The problem: Starting with the first line of the data below, copy each line up to and including the one containing "宣讲活动以学校宣传视频拉开序". Pictures stay out.

Dataset extract:
Segment Open

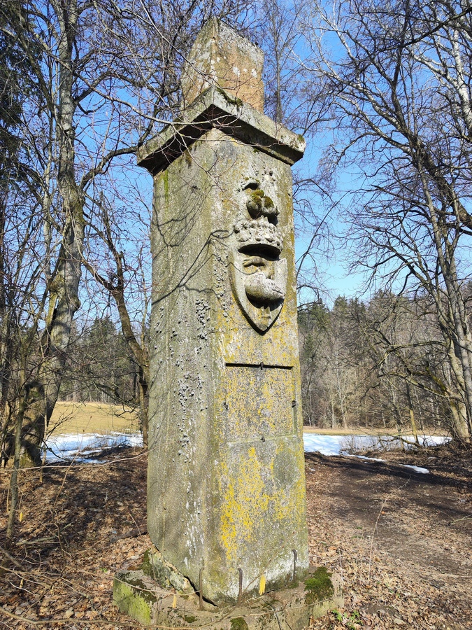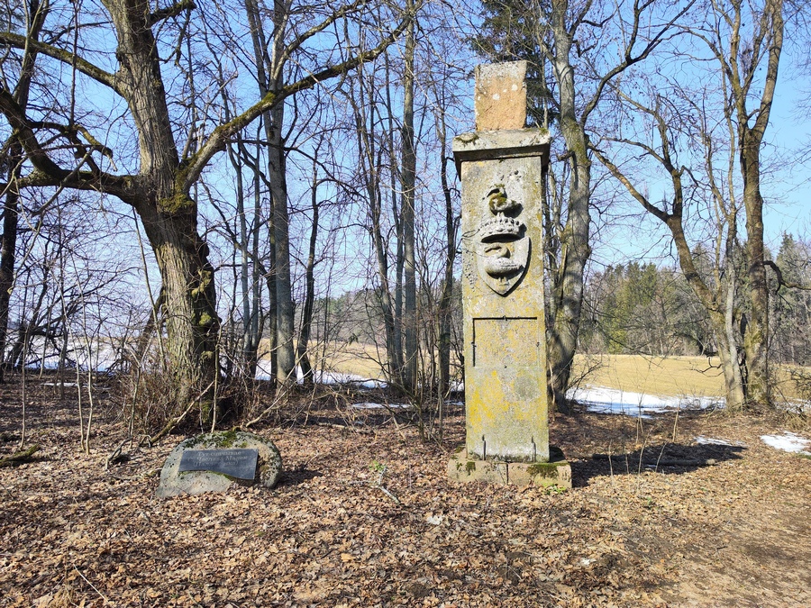 Słup z herbem Dunin-Rajeckich „Łabędź”. Stan obecny
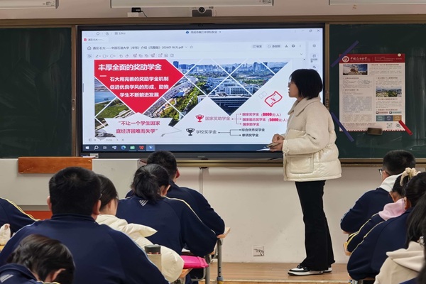 宣讲活动以学校宣传视频拉开序幕,向在场学生展示了石大“家国同心、艰苦奋斗、惟真惟实、追求卓越”的精神内涵。随后,宋师阅依托学校招生宣传PPT,从办学历史、学科布局、人才培养等方面介绍了学校整体情况。许佳禾则结合自身专业背景,重点讲解了学校在智能感知工程等领域的学科优势,并通过展示实验室图片,介绍了学校在无人化钻井、智能油田等前沿方向的研究进展,体现了智能感知技术与传统石油工业的融合趋势。她还分享了校园生活设施与学生活动开展情况,包括餐饮、住宿条件及社团文化等方面,帮助在场学生更全面地了解大学环境。在互动答疑环节,两位队员围绕高三学生普遍关心的录取分数、专业选择、转专业政策、就业前景等问题,结合自身经验进行了解答。
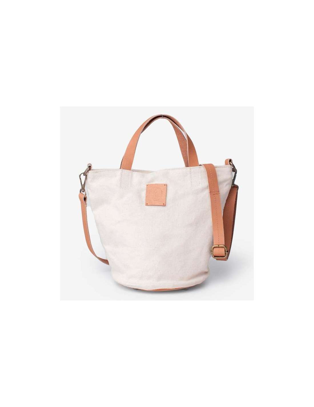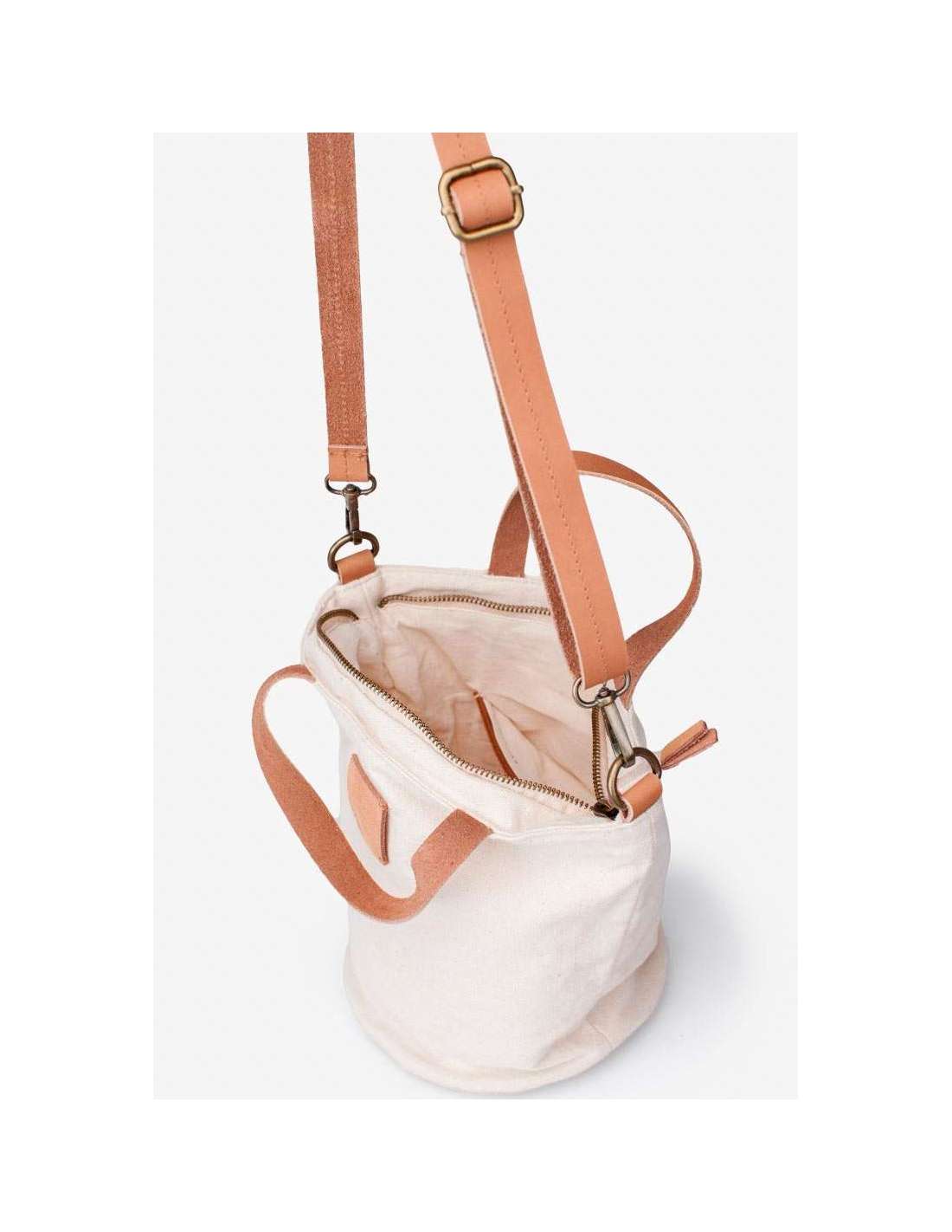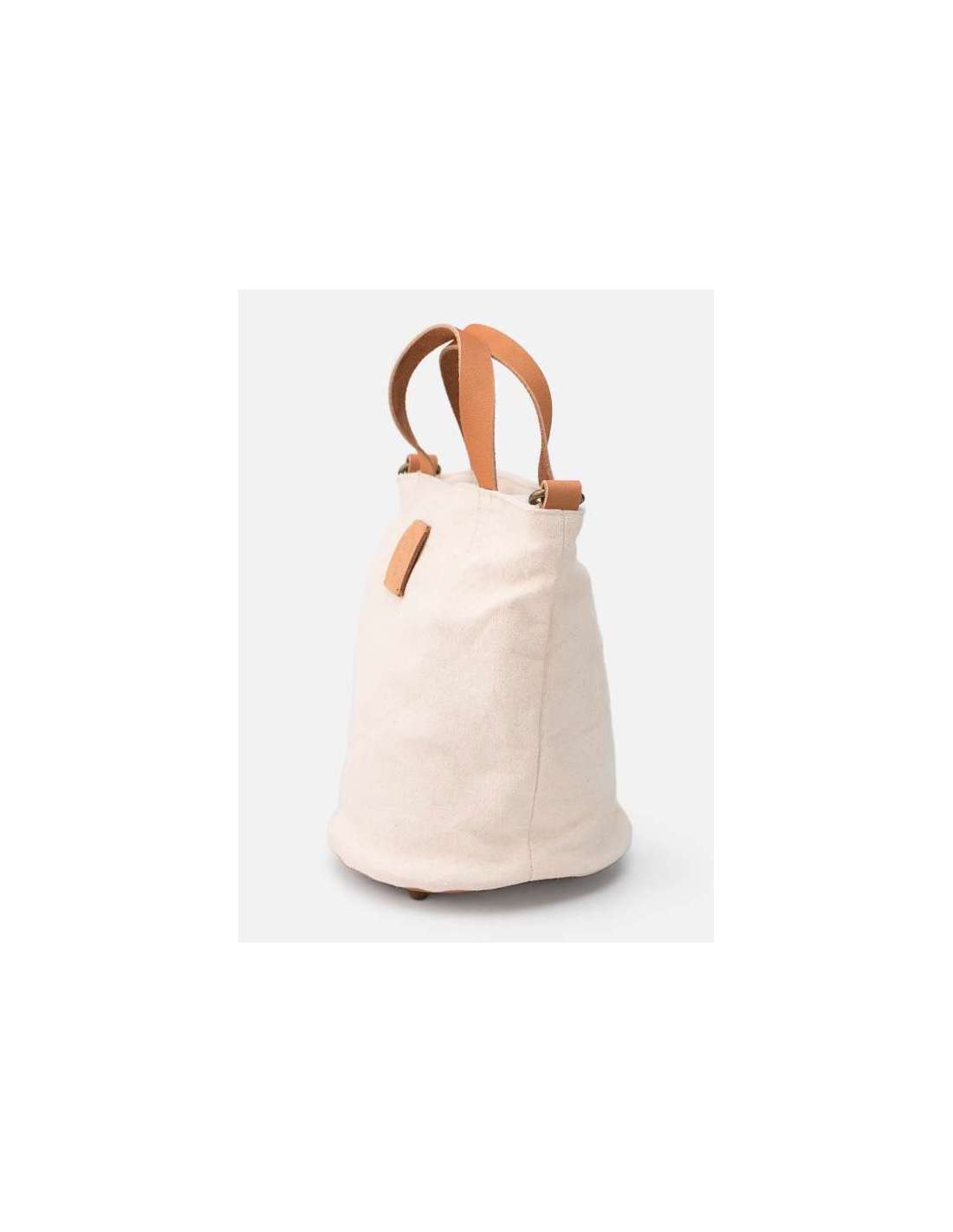 Mini bandolera de algodón reciclado con base circular en piel con soportes metálicos. Asas de mano y bandolera de piel, ésta última regulable y extraíble, bolsillos internos, y forro de algodón.

Segment Closed

Response to this task:
 Słup z herbem Dunin-Rajeckich „Łabędź”. Stan obecny
 宣讲活动以学校宣传视频拉开序幕,向在场学生展示了石大“家国同心、艰苦奋斗、惟真惟实、追求卓越”的精神内涵。随后,宋师阅依托学校招生宣传PPT,从办学历史、学科布局、人才培养等方面介绍了学校整体情况。许佳禾则结合自身专业背景,重点讲解了学校在智能感知工程等领域的学科优势,并通过展示实验室图片,介绍了学校在无人化钻井、智能油田等前沿方向的研究进展,体现了智能感知技术与传统石油工业的融合趋势。她还分享了校园生活设施与学生活动开展情况,包括餐饮、住宿条件及社团文化等方面,帮助在场学生更全面地了解大学环境。在互动答疑环节,两位队员围绕高三学生普遍关心的录取分数、专业选择、转专业政策、就业前景等问题,结合自身经验进行了解答。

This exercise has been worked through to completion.